Reproduce each line below precisely. Drop the pictures.

▶ [Data section]
______________________________

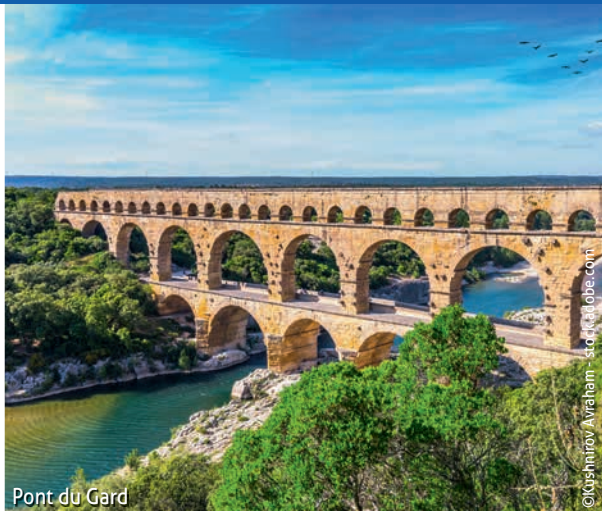
Pont du Gard
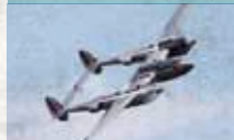
Lockheed P-38L Lightning

Dreirumpf-Konstruktion aus dem 2. Weltkrieg, einziges flugfähiges Exemplar Europas

______________________________

▶ [Answer section]
Pont du Gard
Lockheed P-38L Lightning

Dreirumpf-Konstruktion aus dem 2. Weltkrieg, einziges flugfähiges Exemplar Europas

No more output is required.